Olympics proving ground for safety

By John Garces/sports editor

Recently, officials in Beijing reported they had uncovered a terrorist plot to target the Olympic Games when they come to the city later this year.

Not much is known about the plot, other than what is being released to the press courtesy of the Communist nation’s leaders.

In an Associated Press article, Wang Lequan, the top Communist Party official in the far western region of Xinjiang, said materials seized in a Jan. 27 raid in the regional capital, Urumqi, showed the plotters planned “specifically to sabotage the staging of the Beijing Olympics.’’

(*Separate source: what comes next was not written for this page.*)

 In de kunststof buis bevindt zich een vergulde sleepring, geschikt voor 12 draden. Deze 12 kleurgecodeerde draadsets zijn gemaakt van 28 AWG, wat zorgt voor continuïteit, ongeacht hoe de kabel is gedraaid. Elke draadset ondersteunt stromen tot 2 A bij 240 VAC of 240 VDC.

While stating that the goal of the plot was clear, he did not specify what type of plot it was, though it’s clear this plot strengthens the nation’s claim that extreme measures need to be taken to protect the safety and stability of the first games to be held in the country.

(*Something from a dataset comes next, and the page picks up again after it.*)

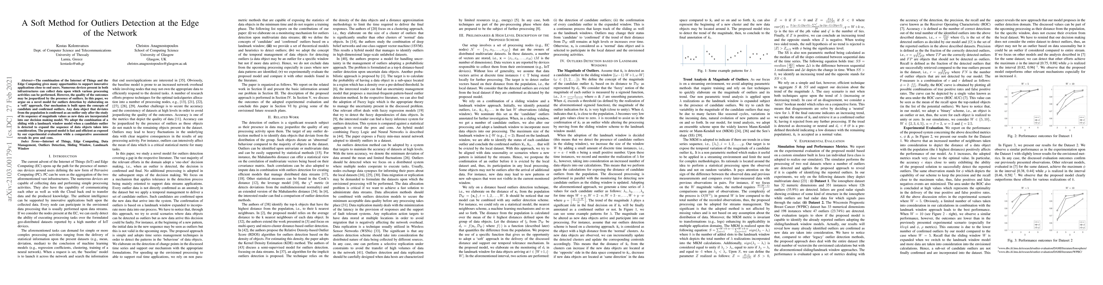 The combination of the Internet of Things and the Edge Computing gives many opportunities to support innovative applications close to end users. Numerous devices present in both infrastructures can collect data upon which various processing activities can be performed. However, the quality of the outcomes may be jeopardized by the presence of outliers. In this paper, we argue on a novel model for outliers detection by elaborating on a `soft' approach. Our mechanism is built upon the concepts of candidate and confirmed outliers. Any data object that deviates from the population is confirmed as an outlier only after the study of its sequence of magnitude values as new data are incorporated into our decision making model. We adopt the combination of a sliding with a landmark window model when a candidate outlier is detected to expand the sequence of data objects taken into consideration. The proposed model is fast and efficient as exposed by our experimental evaluation while a comparative assessment reveals its pros and cons.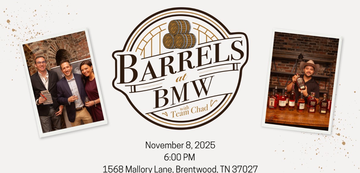 Barrels at BMW is an evening of bourbons, whiskeys, scotches, tequilas and fine wines specially curated by Cool Springs Wine and Spirits.

Chinese officials had long pegged anti-terrorism security as the country’s biggest need as they had long ago said terrorism was the biggest threat to the Beijing Olympics.

Most terrorism experts believe the threat for an attack at a Chinese-controlled event is low, because of the Communist regime’s tight social controls, but also warn that China’s counter-terrorism capabilities are weak should a plot to target the games take place.

Despite living in a world where terrorism is deemed a constant threat to world-wide security, the Olympics have thus far seemed to be an afterthought as a legitimate target, especially after surviving a 2002 Winter Games that was hosted on U.S. soil in Salt Lake City mere months after Sept. 11 and dealt with the fear of a potential terrorist attack almost daily.

To think that the biggest sporting spectacle in the world, short of maybe just the Super Bowl, is immune from violence, though, would be foolish.

All anyone has to do is think back to the 1972 Summer Games in Munich, where a Palestinian terrorist group killed 11 members of the Israeli Olympic team and did irreparable damage to the Olympic spirit in the process.

Whether the Communist regime in charge of China is using the one word in the English language that sends shock waves through the world as a means of taking minds off the real issue remains to be seen.

But, despite how the rest of the world views the ways of the Communist party, Olympic security should never be taken lightly, under any circumstance.

Chinese officials have said they want to use the Olympics to show how far the country has come athletically and to prove that a Communist country can prosper and be a happy place to live.

They could start by showing the rest of the free world how to handle the fear of terrorism.